Groups | Search | Server Info | Keyboard shortcuts | Login | Register [http] [https] [nntp] [nntps]
Groups > comp.lang.python > #18566 > unrolled thread
| Started by | random joe <pywin32@gmail.com> |
|---|---|
| First post | 2012-01-05 14:44 -0800 |
| Last post | 2012-01-05 17:02 -0700 |
| Articles | 17 — 6 participants |
Back to article view | Back to comp.lang.python
Help with python-list archives random joe <pywin32@gmail.com> - 2012-01-05 14:44 -0800
Re: Help with python-list archives Miki Tebeka <miki.tebeka@gmail.com> - 2012-01-05 15:39 -0800
Re: Help with python-list archives random joe <pywin32@gmail.com> - 2012-01-05 15:52 -0800
Re: Help with python-list archives Ian Kelly <ian.g.kelly@gmail.com> - 2012-01-05 17:10 -0700
Re: Help with python-list archives random joe <pywin32@gmail.com> - 2012-01-05 16:45 -0800
Re: Help with python-list archives MRAB <python@mrabarnett.plus.com> - 2012-01-06 01:27 +0000
Re: Help with python-list archives random joe <pywin32@gmail.com> - 2012-01-05 18:14 -0800
Re: Help with python-list archives MRAB <python@mrabarnett.plus.com> - 2012-01-06 03:00 +0000
Re: Help with python-list archives random joe <pywin32@gmail.com> - 2012-01-05 20:01 -0800
Re: Help with python-list archives random joe <pywin32@gmail.com> - 2012-01-05 20:08 -0800
Re: Help with python-list archives Chris Angelico <rosuav@gmail.com> - 2012-01-06 15:12 +1100
Re: Help with python-list archives Ian Kelly <ian.g.kelly@gmail.com> - 2012-01-06 00:45 -0700
Re: Help with python-list archives Anssi Saari <as@sci.fi> - 2012-01-10 16:47 +0200
Re: Help with python-list archives Chris Angelico <rosuav@gmail.com> - 2012-01-06 15:11 +1100
Re: Help with python-list archives Ian Kelly <ian.g.kelly@gmail.com> - 2012-01-06 00:41 -0700
Re: Help with python-list archives random joe <pywin32@gmail.com> - 2012-01-06 16:55 -0800
Re: Help with python-list archives Ian Kelly <ian.g.kelly@gmail.com> - 2012-01-05 17:02 -0700
| From | random joe <pywin32@gmail.com> |
|---|---|
| Date | 2012-01-05 14:44 -0800 |
| Subject | Help with python-list archives |
| Message-ID | <78484055-dd01-4237-9217-9eb038fc744f@p16g2000yqd.googlegroups.com> |
Hi.
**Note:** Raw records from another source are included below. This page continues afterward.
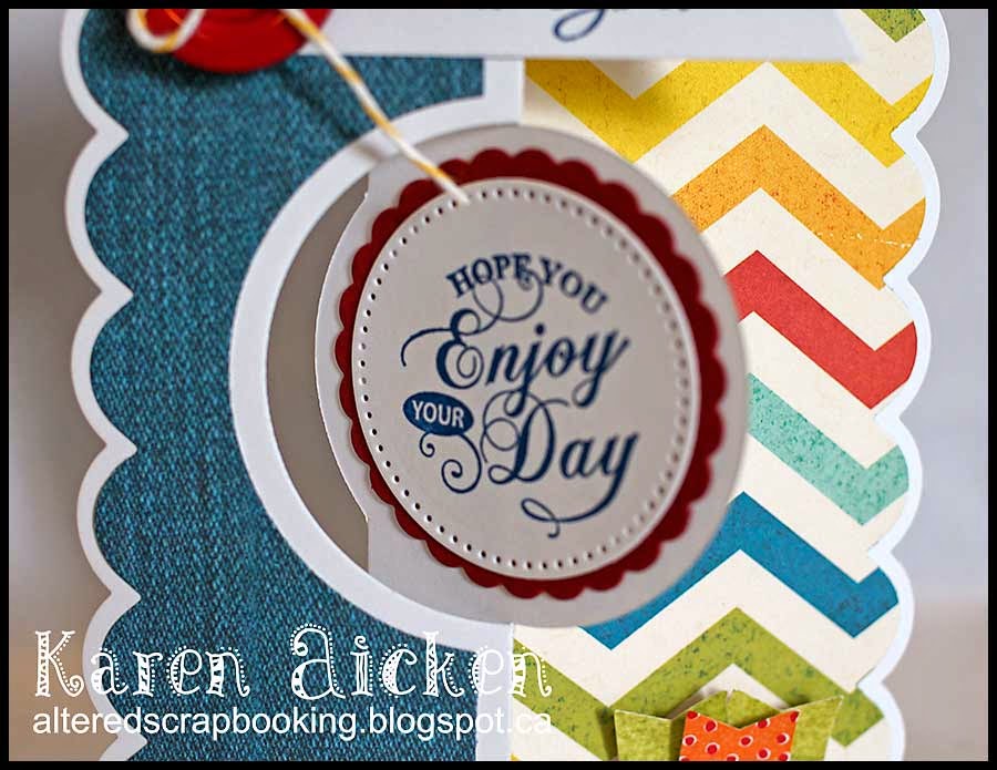 I never really put away the little banner punch I got during Stampin' Up's Sale-A-Bration this Spring. It's SO handy, and again - a great way to use up little bits and pieces of patterned papers.
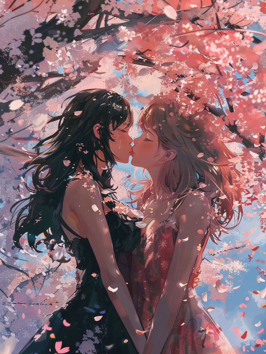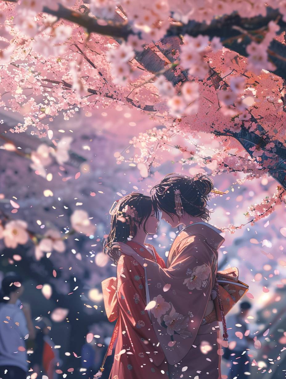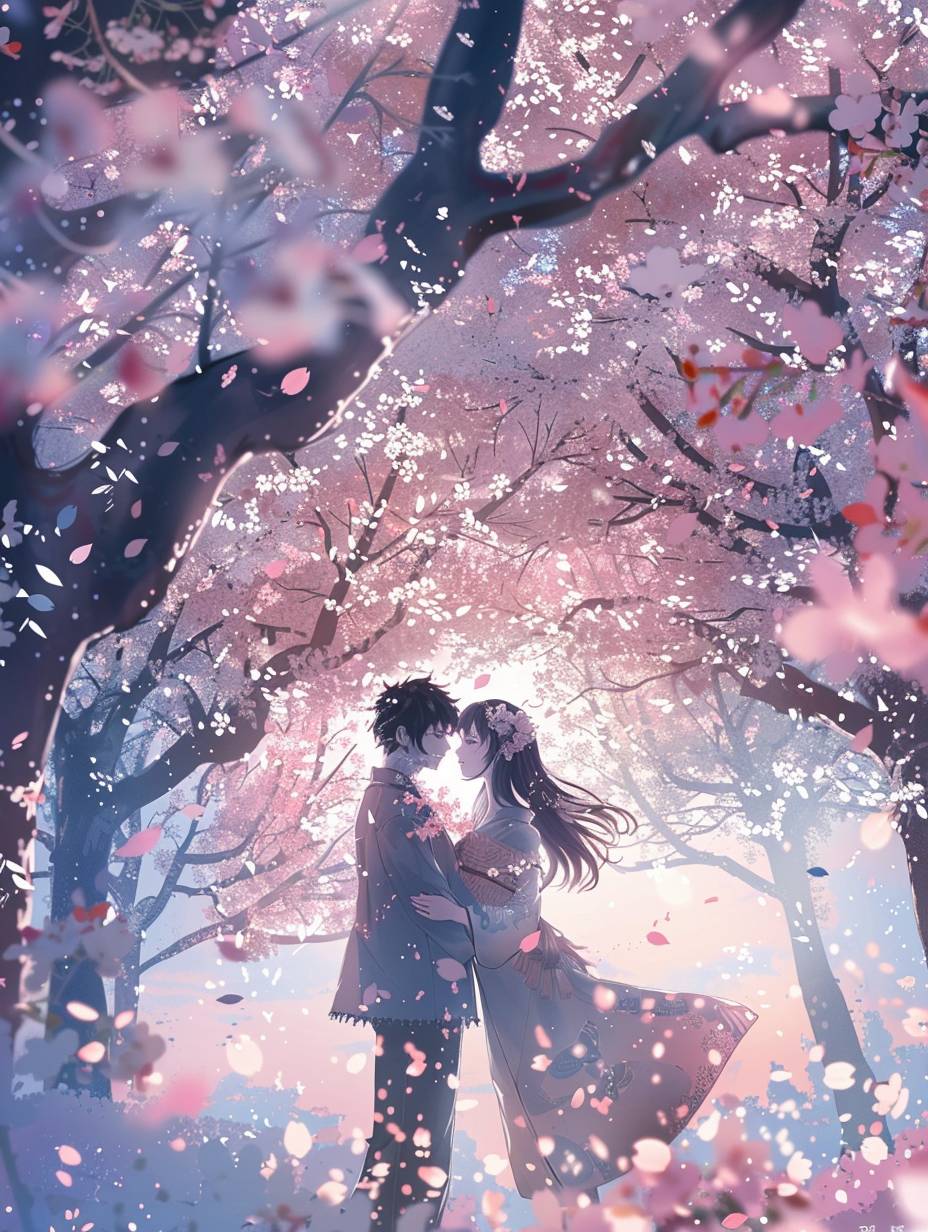 Two anime characters share a tender moment beneath a canopy of cherry blossoms in full bloom, petals drifting around them --ar 3:4 --v 6.0
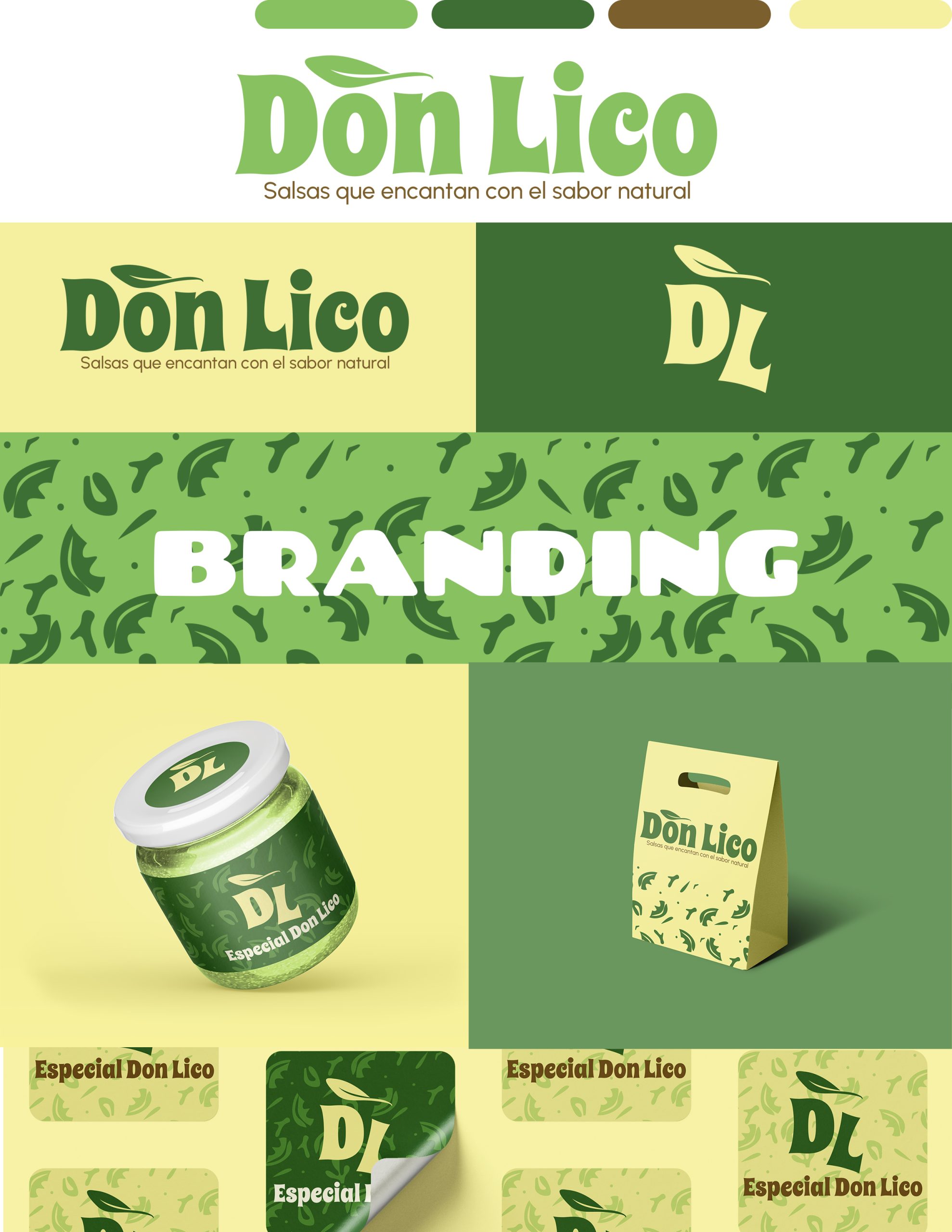 Para esta marca se desarrolló una línea gráfica que representa lo natural y lo artesanal, valores que caracterizan la esencia de Don Lico, una marca enfocada en la elaboración de salsas artesanales.
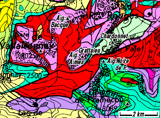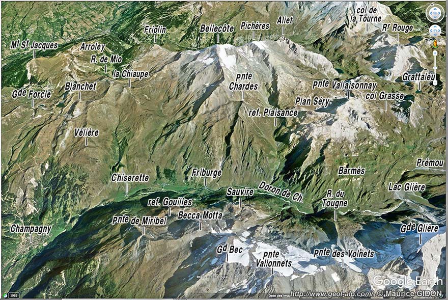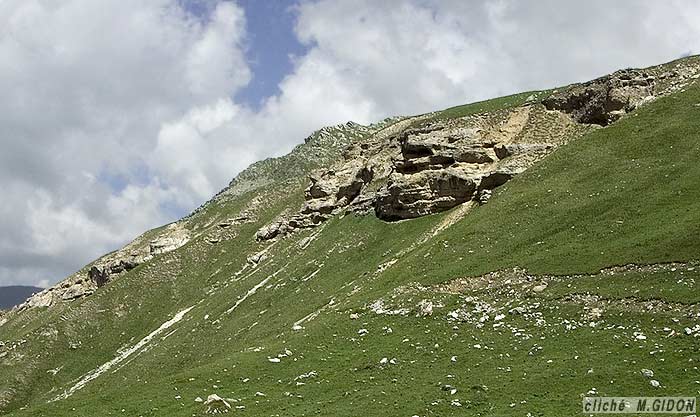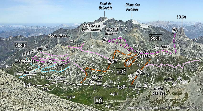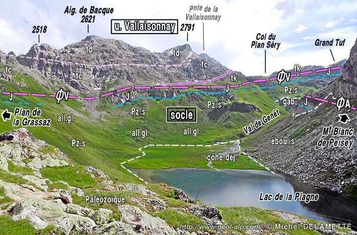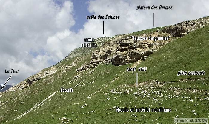 Plus précisément les pentes d'alpages des Barmés, de la Plagne et du Grand Plan qui s'étendent en pente relativement douce à la partie sud-occidentale du massif de la Vallaisonnay montrent essentiellement de larges affleurements de cargneules qui enveloppent le socle cristallin et sa couverture autochtone adhérente (ce dont on peut s'assurer à la faveur du fait que ces cargneules sont localement excavées jusqu'à la surface de ce socle).
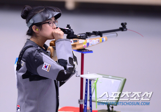 22일 오전 인천 옥련국제사격장에서 2014 인천 아시안게임 여자 사격 10M 공기소총 결승전이 열렸다. 한국 김설아가 손의 땀을 말리고 있다.
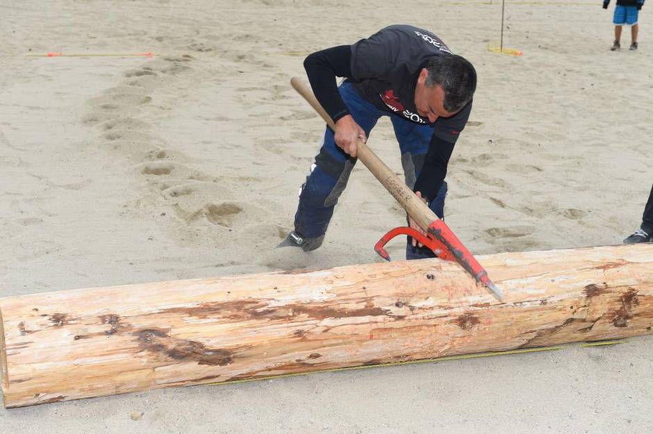 Riders took a few tumbles as they followed a loose-gravel rail bed for the 75-kilometre trip from Christina Lake, B.C., to Castlegar. The first leg went along the rail bed of the former Columbia and Western Railway track. At one stage, team members had to push their bikes down and up a tight, rocky path, while they were timed. After a dash to Nelson, B.C., the teams participated in a logging competition. Team Canada won the cross-cut sawing challenge, their only win of the event. Marc-André Octeau, who qualified for Team Canada in 2010 but dropped out because his wife was about to give birth, and who was injured in the early stages of the South American GS Trophy, was flown in for the dinner and final three days of this event as a special guest.
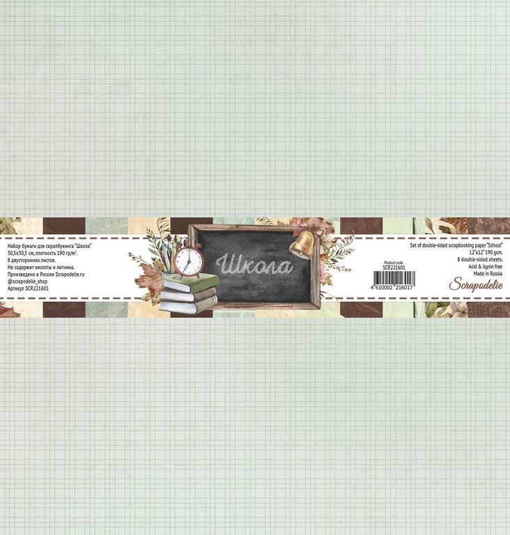 Набор бумаги для скрапбукинга "Школа" от Scrapodelie 30х30 см, 8 двусторонних листов, 190 гр/м2
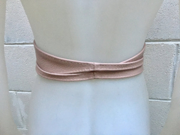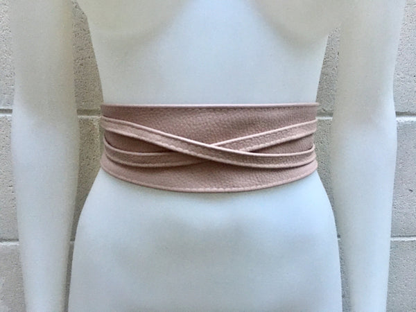Large enough to fit books, tablets and medium sized laptops. The set includes a genuine leather wraparound belt in the same soft pink shade.
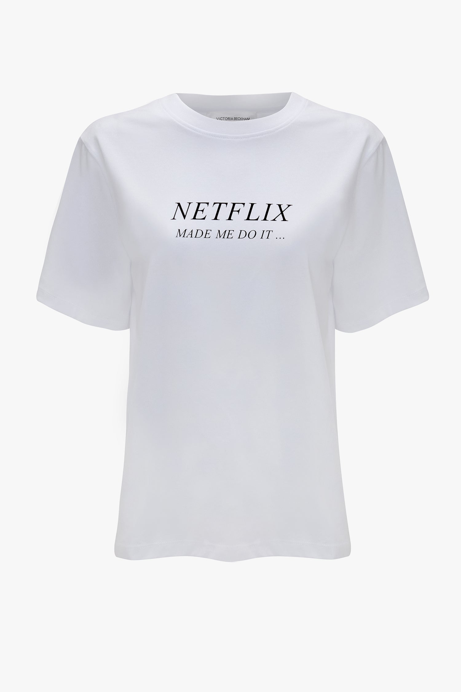 Slogan T-Shirts are a hallmark of the Victoria Beckham brand and reflect the house's tongue-in-cheek playfulness. With a classic Victoria Tee fit, the Netflix Made Me Do It Slogan T-Shirt has a relaxed but polished silhouette. Made from 100% organic cotton, it has a tactile, elevated feel.

I am new to python and wanted to search the python-list archives for answers to my many questions but i can't seem to get the archive files to uncompressed? What gives? From what i understand they are gzip files so i assumed the gzip module would work, but no! The best i could do was to get a ton of chinese chars using gzip and zlib.uncompress(). I would like to be courteous and search for my answers before asking so as not to waste anyones time. Does anyone know how to uncompress these files into a readable text form?
[toc] | [next] | [standalone]
| From | Miki Tebeka <miki.tebeka@gmail.com> |
|---|---|
| Date | 2012-01-05 15:39 -0800 |
| Message-ID | <14749754.624.1325806776674.JavaMail.geo-discussion-forums@vbgw2> |
| In reply to | #18566 |
Is there Google groups search not good enough? (groups.google.com/group/comp.lang.python) Also, can you give an example of the code and an input file?
[toc] | [prev] | [next] | [standalone]
| From | random joe <pywin32@gmail.com> |
|---|---|
| Date | 2012-01-05 15:52 -0800 |
| Message-ID | <8f3b98e1-3b21-4f06-8456-0a555a7ee523@u32g2000yqe.googlegroups.com> |
| In reply to | #18567 |
On Jan 5, 5:39 pm, Miki Tebeka <miki.teb...@gmail.com> wrote:
> Is the Google groups search not good enough?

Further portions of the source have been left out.